So the ES is indeed green, but for the past week, the market has been following a series of lower lows and lower highs. More importantly, it also completed a tidy little topping pattern which also just happens to be constructed beneath a broken uptrend. In other words, things are looking fairly well-positioned for the bears, in spite of these daily little exercises in green-i-tude from our bullish friends.
The two important headlines I saw today both came from Our Dear Leader Powell. In his testimony today, Chairman Powell declared that “It is time to retire the word transitory regarding inflation”, and “the threat of persistently higher inflation has grown.” Finally, he added that the Fed “can consider wrapping up the taper a few months sooner.”
The fact that inflation is here is no shock to the average American, but to hear it come out of the Fed Chairman’s mouth was a bit shocking today. Also, the idea of speeding up the taper has not been priced into markets. I believe soon we’ll be hearing Chairman Powell begin to broach the topic of raising interest rates sooner than expected as well.
So, what does this mean for markets going forward, and are we at a key turning point?

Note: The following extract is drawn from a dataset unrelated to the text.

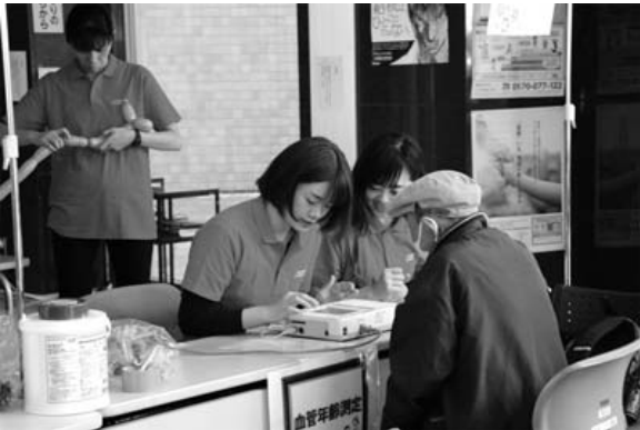
「いばらきまつり」で、ゆうゆう館内に設置された健康相談コーナーの様子

平成30年度はこの補助金を、保健センター(町総合福祉センター「ゆうゆう館」)の維持運営に活用しました。地域住民の健康増進を図る上で欠かせない予防接種や健康診査等、事業の充実を図ることができ、ますます福祉の向上が期待されます。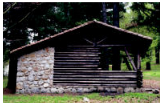
Aldaba Txikiko mendian dago Langaurreko parkea. N.U.

IBARRA Gaur izango da, 17:30ean, herriko plazan; parte hartzeko eskatu diete herritarrei 6

If the Fed is now moving to a stance of acknowledging a persistent inflation problem, logic would dictate that a policy response would follow.
I was talking in my last post on Friday about the likely mean reversion move coming that should at least return SPX to a backtest of the 45dma, now at 4549. The low so far today has taken SPX down to the 4565 area, so that is getting close, and SPX is now in an area where it may turn back up, though I think a test of 4540 is likely at minimum before that happens.